Digest 2026-05-26

Variant: B (Detail-First) Papers: 3 | AI/Interpretability · Neuroscience/Neural Dynamics · Neuroscience/Decision Making

Paper 1: Towards Automated Circuit Discovery for Mechanistic Interpretability

Authors: Arthur Conmy, Augustine N. Mavor-Parker, Aengus Lynch, Stefan Heimersheim, Adrià Garriga-Alonso
Source: NeurIPS 2023
Tags:read digest

Abstract

Through considerable effort and intuition, several recent works have reverse-engineered nontrivial behaviors of transformer models. This paper systematizes the mechanistic interpretability process they followed. First, researchers choose a metric and task to study. They then identify a subgraph of the model that is sufficient to perform the task, or a subgraph that improves some metric over baselines. This subgraph is called a circuit. Next, they attempt to understand the circuit by finding the role of each model component. Finally, they check that their understanding is correct by making and testing predictions. We formalize this process and instantiate it in a novel algorithm, Automatic Circuit Discovery (ACDC). Given a model and a task, ACDC returns a subgraph of the model that performs the task to some level of quality, along with an informal explanation of how it does so. ACDC makes use of a correspondence between the edges of the computational graph of the model and the edges of a graphical model over activations, allowing us to use principled feature attribution methods from causal inference. We evaluate ACDC on several tasks in GPT-2 small and XL, and find that it discovers interpretable circuits. We also find that ACDC is able to discover circuits that are more complete than those found by previous automated methods, while still being interpretable.

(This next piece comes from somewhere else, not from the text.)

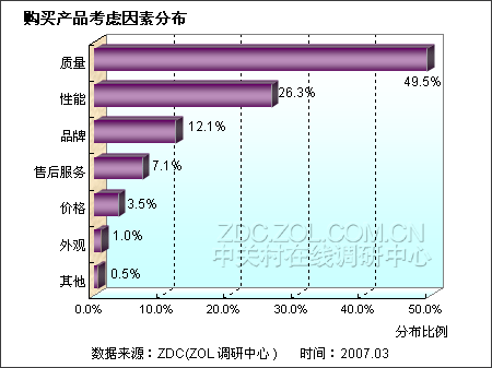 从这一比例分布状况来看,由于质量已经成为影响消费者购买行为的重要因素,因而只有把好质量关才能获得消费者的高度认可。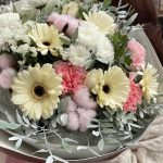Авторский букет с герберами и хлопком

a) Experiment / Task Setup

ACDC is evaluated on several tasks in GPT-2 small (124M parameters) and GPT-2 XL (1.5B parameters):

Indirect Object Identification (IOI) — predicting the indirect object in English sentences like “Alice gave Bob a book, so Alice gave a book to [Bob]“
Greater-Than — predicting whether a two-digit number is greater than another
Docstring — completing Python docstrings
Gender Bias — predicting gendered pronouns
Sentiment Classification — Stanford Sentiment Treebank

The algorithm takes as input:

A pretrained transformer model
A dataset of inputs and expected outputs
A metric (e.g., logit difference, accuracy)
A threshold for how much of the metric the circuit must preserve

b) Results (Figure by Figure)

Figure 1: The ACDC pipeline. (A) The full computational graph of a transformer. (B) ACDC prunes edges iteratively, starting from the full graph. (C) The final circuit is a small subgraph that preserves task performance. (D) The circuit is interpreted by analyzing the role of each component.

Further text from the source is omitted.